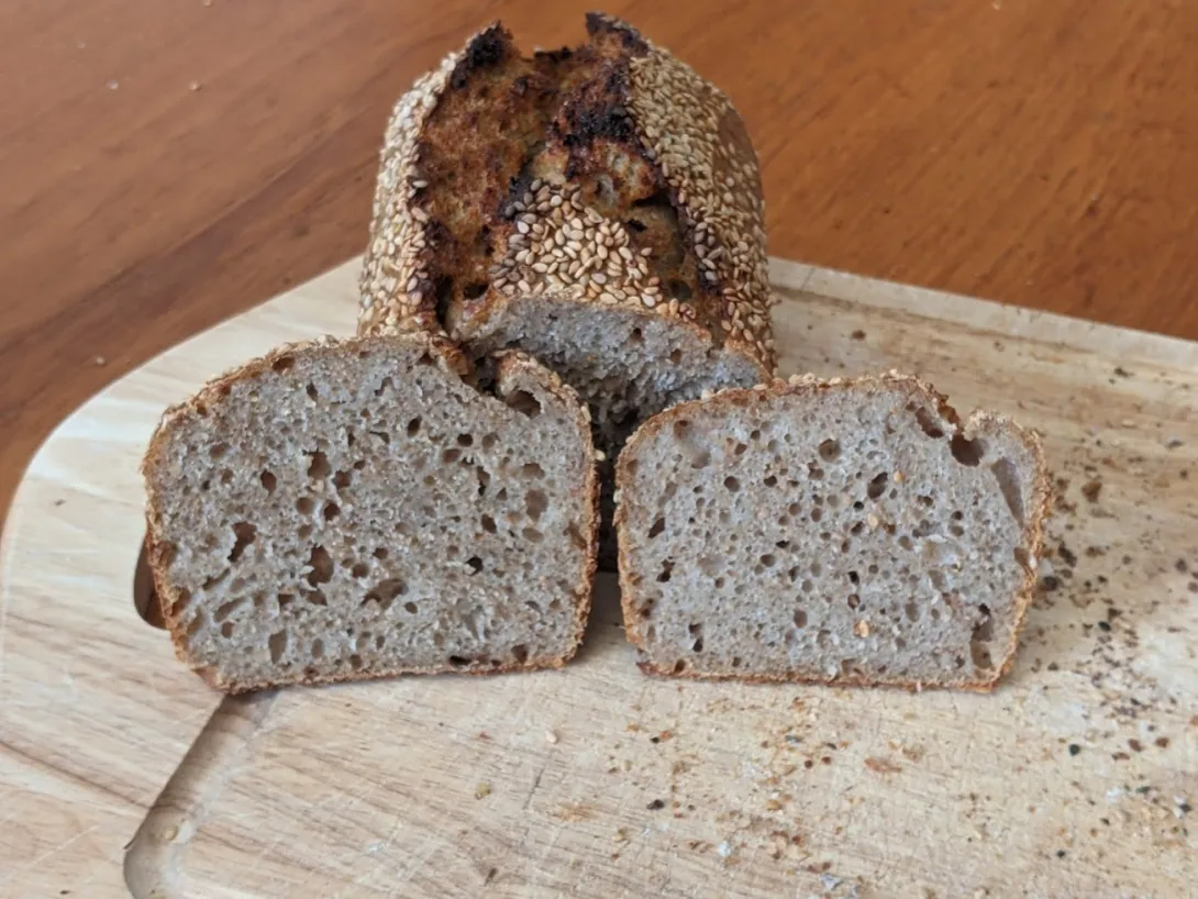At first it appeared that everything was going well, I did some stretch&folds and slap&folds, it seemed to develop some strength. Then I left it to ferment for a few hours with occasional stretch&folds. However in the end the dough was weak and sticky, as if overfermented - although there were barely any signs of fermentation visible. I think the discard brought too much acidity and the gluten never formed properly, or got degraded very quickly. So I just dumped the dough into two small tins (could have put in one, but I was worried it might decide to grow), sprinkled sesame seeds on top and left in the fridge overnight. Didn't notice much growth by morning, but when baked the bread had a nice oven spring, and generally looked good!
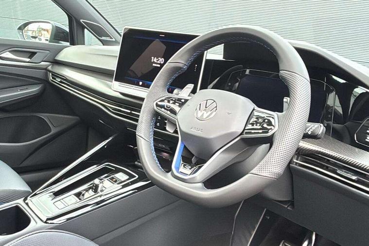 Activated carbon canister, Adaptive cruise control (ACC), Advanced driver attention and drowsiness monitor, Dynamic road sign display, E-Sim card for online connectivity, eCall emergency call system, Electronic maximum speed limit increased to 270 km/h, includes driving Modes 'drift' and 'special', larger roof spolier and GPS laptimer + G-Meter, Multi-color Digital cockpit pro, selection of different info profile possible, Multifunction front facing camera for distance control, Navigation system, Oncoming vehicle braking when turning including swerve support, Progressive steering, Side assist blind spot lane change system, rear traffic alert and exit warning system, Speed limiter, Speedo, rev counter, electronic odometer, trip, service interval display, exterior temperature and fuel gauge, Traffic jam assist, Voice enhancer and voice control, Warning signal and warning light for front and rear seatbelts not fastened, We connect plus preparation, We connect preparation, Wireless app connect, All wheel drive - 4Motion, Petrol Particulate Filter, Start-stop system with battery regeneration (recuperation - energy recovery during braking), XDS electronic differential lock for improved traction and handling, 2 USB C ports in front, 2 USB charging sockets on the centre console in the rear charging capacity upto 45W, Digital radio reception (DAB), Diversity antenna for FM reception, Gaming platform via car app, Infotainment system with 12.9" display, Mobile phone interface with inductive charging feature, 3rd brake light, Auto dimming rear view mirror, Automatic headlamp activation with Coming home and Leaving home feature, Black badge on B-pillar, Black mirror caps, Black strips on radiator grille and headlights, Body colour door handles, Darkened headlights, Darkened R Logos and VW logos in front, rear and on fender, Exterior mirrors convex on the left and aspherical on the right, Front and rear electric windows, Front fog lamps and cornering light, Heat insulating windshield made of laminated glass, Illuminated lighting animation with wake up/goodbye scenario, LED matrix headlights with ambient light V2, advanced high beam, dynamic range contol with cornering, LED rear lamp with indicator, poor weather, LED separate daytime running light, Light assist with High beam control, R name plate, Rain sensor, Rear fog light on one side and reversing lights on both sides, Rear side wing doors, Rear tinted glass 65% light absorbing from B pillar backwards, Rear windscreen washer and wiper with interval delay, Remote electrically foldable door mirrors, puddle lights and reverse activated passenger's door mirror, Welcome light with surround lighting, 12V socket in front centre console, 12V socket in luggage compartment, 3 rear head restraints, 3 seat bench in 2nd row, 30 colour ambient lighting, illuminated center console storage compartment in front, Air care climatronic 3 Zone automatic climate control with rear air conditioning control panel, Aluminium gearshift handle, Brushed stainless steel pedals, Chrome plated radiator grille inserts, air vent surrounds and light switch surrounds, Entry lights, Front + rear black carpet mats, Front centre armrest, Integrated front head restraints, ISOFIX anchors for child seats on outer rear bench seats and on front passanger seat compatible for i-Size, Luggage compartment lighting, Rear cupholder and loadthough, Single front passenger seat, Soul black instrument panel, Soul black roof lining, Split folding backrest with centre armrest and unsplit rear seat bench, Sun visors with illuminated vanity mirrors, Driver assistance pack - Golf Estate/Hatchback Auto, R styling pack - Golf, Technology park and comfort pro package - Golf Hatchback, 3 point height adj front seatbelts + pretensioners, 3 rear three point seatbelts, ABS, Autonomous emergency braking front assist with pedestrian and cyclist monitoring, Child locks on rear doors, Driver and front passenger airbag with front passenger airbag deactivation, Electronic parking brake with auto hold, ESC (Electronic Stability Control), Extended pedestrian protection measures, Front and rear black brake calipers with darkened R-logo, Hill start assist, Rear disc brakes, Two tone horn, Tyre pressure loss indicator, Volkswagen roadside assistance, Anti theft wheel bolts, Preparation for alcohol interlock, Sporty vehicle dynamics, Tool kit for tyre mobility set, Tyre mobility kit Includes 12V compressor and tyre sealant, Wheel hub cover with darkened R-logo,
---
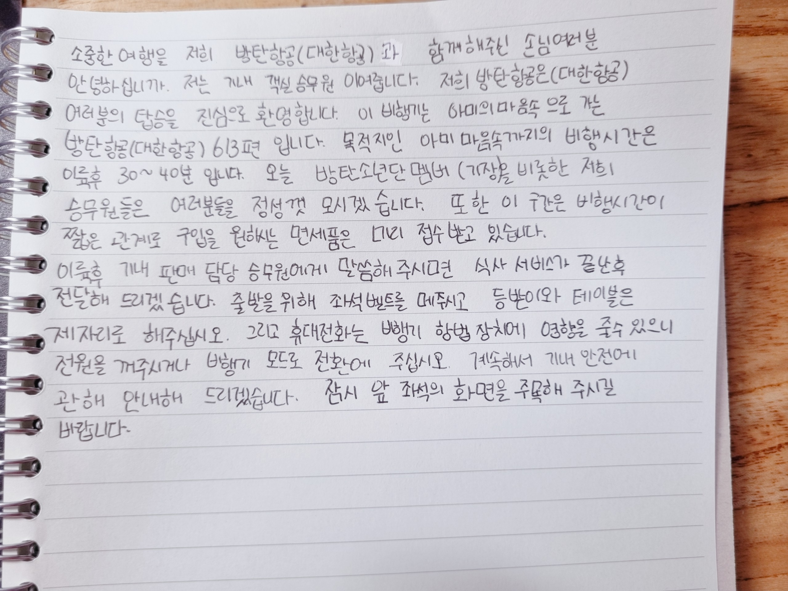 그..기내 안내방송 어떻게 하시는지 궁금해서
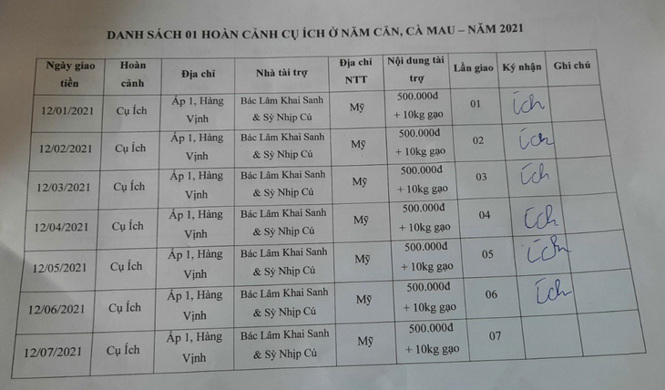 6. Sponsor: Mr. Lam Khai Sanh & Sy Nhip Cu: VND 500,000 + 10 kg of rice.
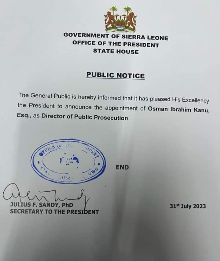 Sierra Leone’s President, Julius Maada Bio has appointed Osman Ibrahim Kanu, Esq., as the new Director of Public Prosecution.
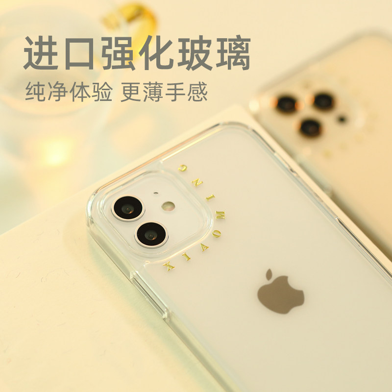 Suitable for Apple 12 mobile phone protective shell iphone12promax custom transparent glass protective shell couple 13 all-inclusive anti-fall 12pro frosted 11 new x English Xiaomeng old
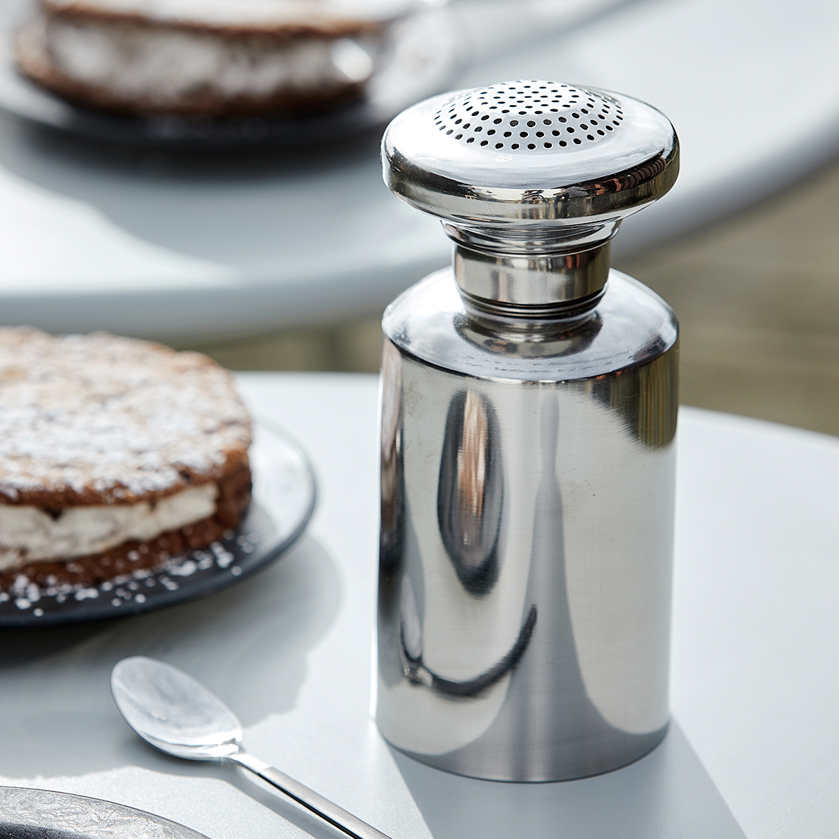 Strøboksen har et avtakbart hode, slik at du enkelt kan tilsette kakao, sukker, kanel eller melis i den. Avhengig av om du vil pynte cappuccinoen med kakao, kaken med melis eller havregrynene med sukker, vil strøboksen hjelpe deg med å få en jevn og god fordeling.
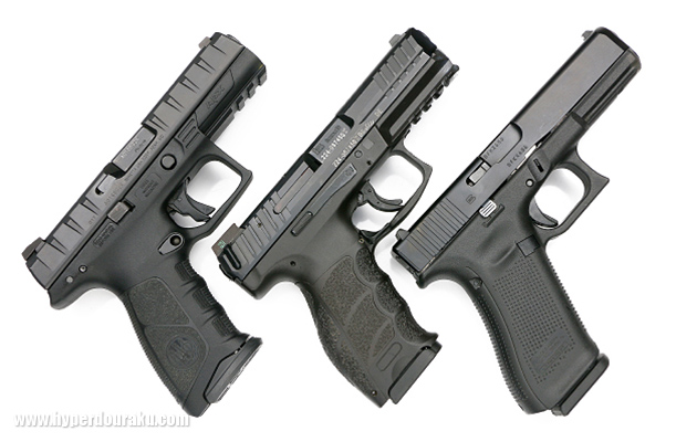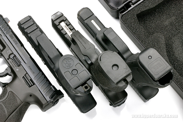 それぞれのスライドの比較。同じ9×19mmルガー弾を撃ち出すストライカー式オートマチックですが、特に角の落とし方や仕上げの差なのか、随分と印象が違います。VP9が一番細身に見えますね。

> [Work order]: From the records above, give again only the part that opens with the line containing "6. Sponsor: Mr." and closes with the line containing "Sierra Leone’s President, Julius". Keep both ends but drop the pictures.

> [Solution to this exercise]:
 6. Sponsor: Mr. Lam Khai Sanh & Sy Nhip Cu: VND 500,000 + 10 kg of rice.
 Sierra Leone’s President, Julius Maada Bio has appointed Osman Ibrahim Kanu, Esq., as the new Director of Public Prosecution.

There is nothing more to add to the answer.